На следующий день кто то завел новый аккаунт в инстаграме : «Кейт Гарфилд поет». Весь профиль состоял из уродливых скриншотов с видеозаписи Эрика. Квадрат за квадратом: моя челюсть постепенно открывается, губы сжимаются, глаза наполовину закрыты. В описании была только строчка «Я немного умерла». Пересылая ссылку банде, я плакала.
«ТВОЮ МАТЬ, – ответила Рейна. – Я ИХ УНИЧТОЖУ. ТВОЮ МАТЬ».
«Вот ужас, милая, мне так жаль», – это Брэнди.
Андерсон ничего не ответил, потому что уже стоял у двери.
– Вот урод, – сказал он. Прямо с порога, даже не поздоровавшись.
– Кто именно? – Я вытерла слезы тыльной стороной запястья.
– Эрик. Мира. Оба. И все пижоны, которые подписались на этот аккаунт.
Подписчиков было уже 78. Я не могла перестать проверять. Чьи то лица мне были знакомы из пижонского списка, некоторые оказались совершенно новыми.
Райан валялся на диване в гостиной, но я все равно плюхнулась рядом, глядя на Андерсона.
– Никогда больше не буду петь. Ни ко гда.
Райан даже глаз от телефона не поднял.
Но в воскресенье я проснулась и обнаружила возле двери старую мамину гитару.
Райан уже не спал, но еще лежал в кровати, листая учебник. Мое появление его не слишком удивило.
Я вцепилась в дверной косяк.
– Тебе ведь известно, что я не умею играть на гитаре?
– Я скину тебе инструкцию. – Он протянул руку в сторону и одним выверенным движением выдернул из телефона зарядку. Спустя секунду я услышала оповещение.
Опустила глаза на экран, а потом бросила на Райана горящий взгляд.
– Somebody to Love? Знаешь, не то…
– Это хорошая песня. Не позволяй парочке придурков ее испортить.
Я нажала кнопку воспроизведения. Оказалось, все довольно просто: на записи какой то парень показывал, как взять аккорд и расположить пальцы на грифе акустической гитары. Но что то было цепляющее в том, как сплетались эти звуки.

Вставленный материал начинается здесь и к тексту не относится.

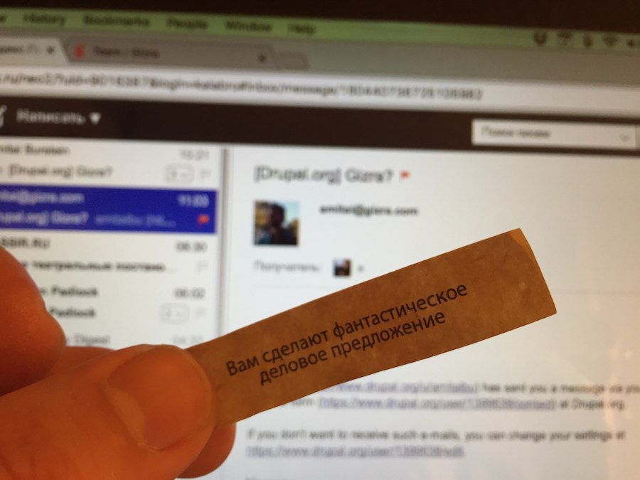 Вчера ночью я вскрыла заныканную печеньку с предсказанием, а там меня поджидало аж с самого Петербурга «фантастическое деловое предложение». Я ухмыльнулась. Вы меня видели? Пьяному сугробу сделают «фантастическое деловое предложение»! Интересно мне знать, какое.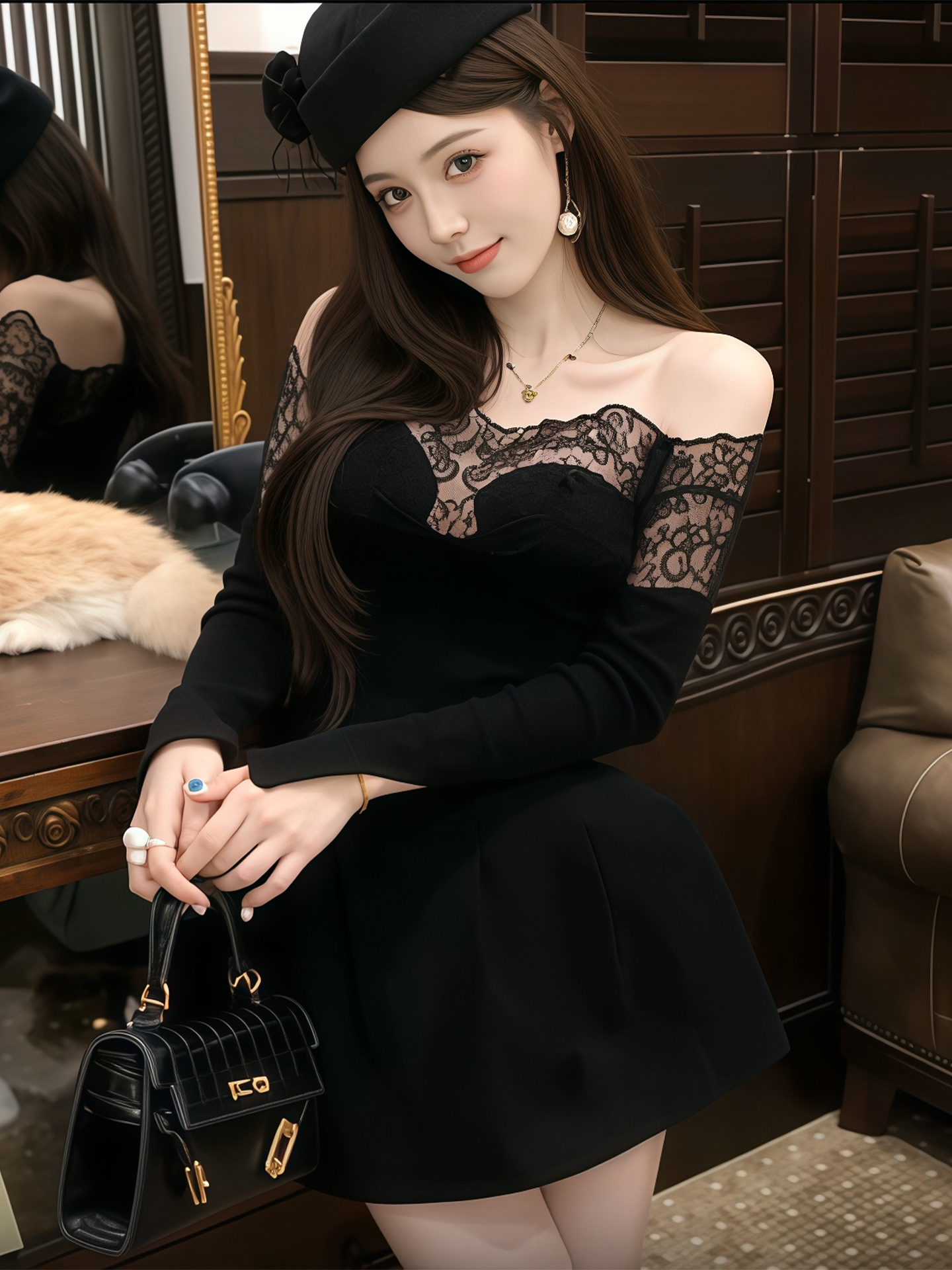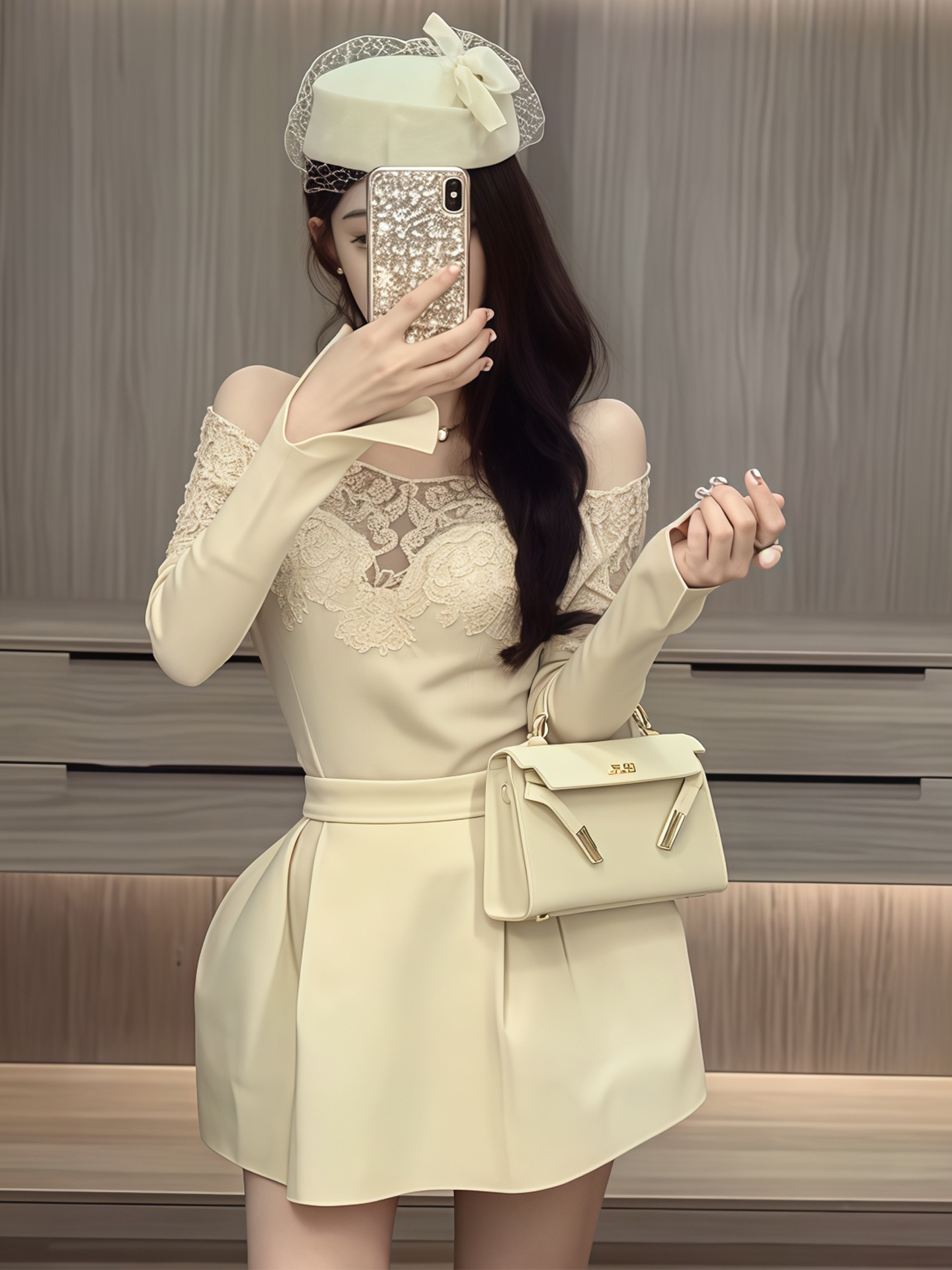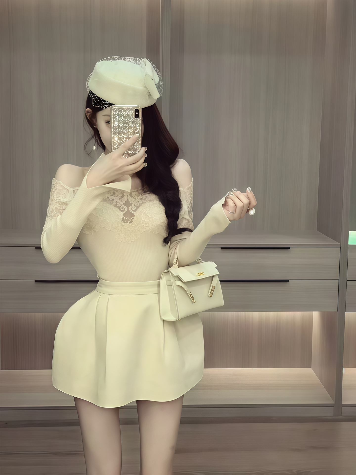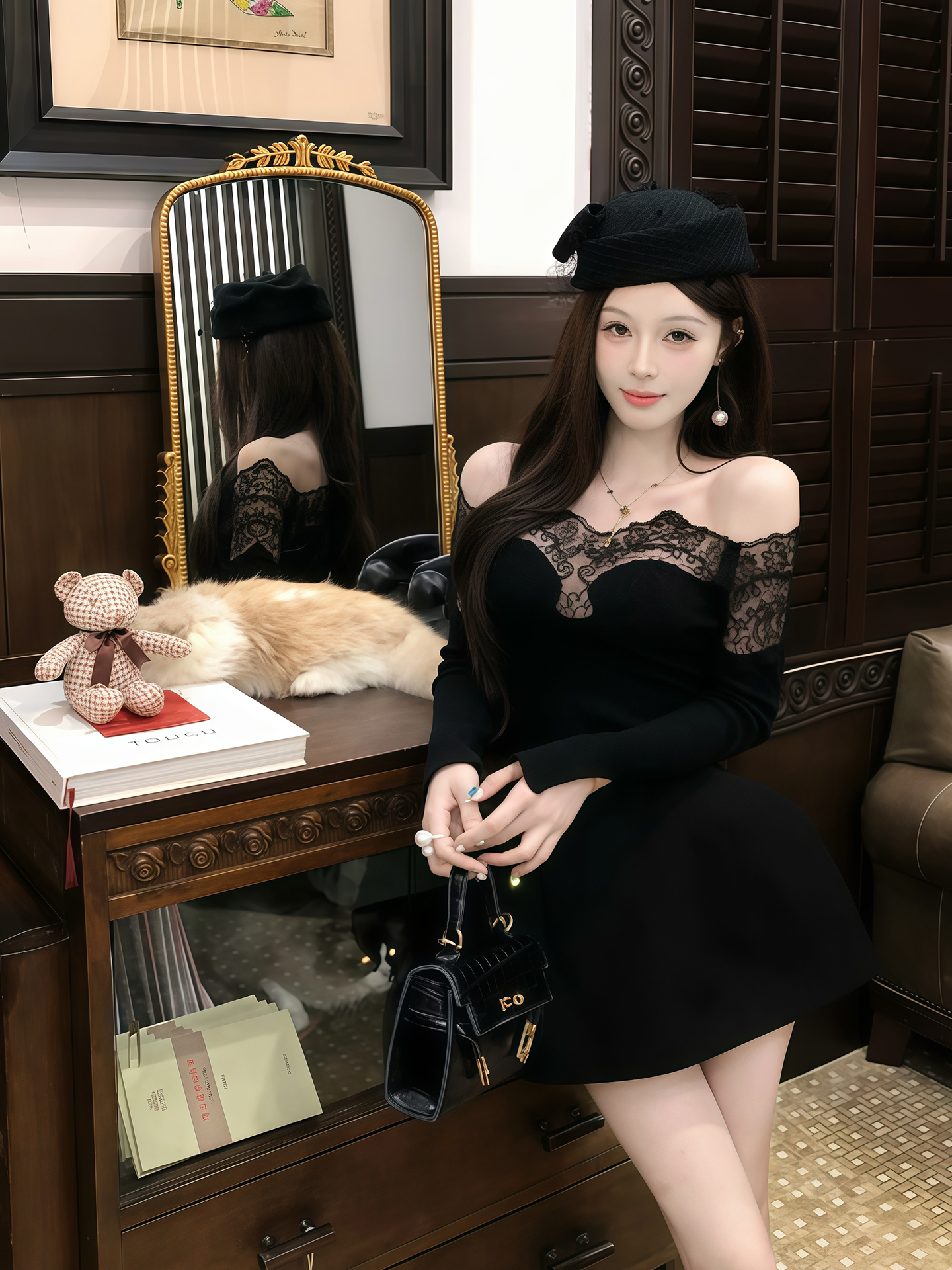 FA48048# 纯欲辣妹风蕾丝拼接一字肩长袖针织衫女秋季新款时尚穿搭打底上衣 服裝批發女裝批發服飾貨源

Я не могла глаз отвести от телефона.
– И для кого мне это играть?
– В смысле «для кого»? – Райан пожал плечами. – Для себя играй.
Сцена одиннадцатая
По моему, у мамы есть склонность к саморазрушению. Причина смерти: обед на шаббат. У нее штук восемь распечатанных рецептов, выложенных веером на столе, и все это нужно приготовить с нуля. Не знаю, понимает ли она, что духовка у нас всего одна. И мама – тоже.
Нужно ли говорить, что семейство Гарфилдов вообще не настолько евреи, чтобы мучиться с ужином на шаббат.
– Кейти, пожалуйста, закинь мини суфле в духовку для хлеба. Получится же? Они все равно приготовятся, верно?
Я осматриваю кухню: дверцы шкафчиков нараспашку, все уставлено сковородками. Щеки мамы перепачканы мукой.
– Сколько, говоришь, будет гостей?
– Так. Ты сказала, Андерсон занят, верно?
– Если «занят» включает в себя просмотр «Рапунцель», то да.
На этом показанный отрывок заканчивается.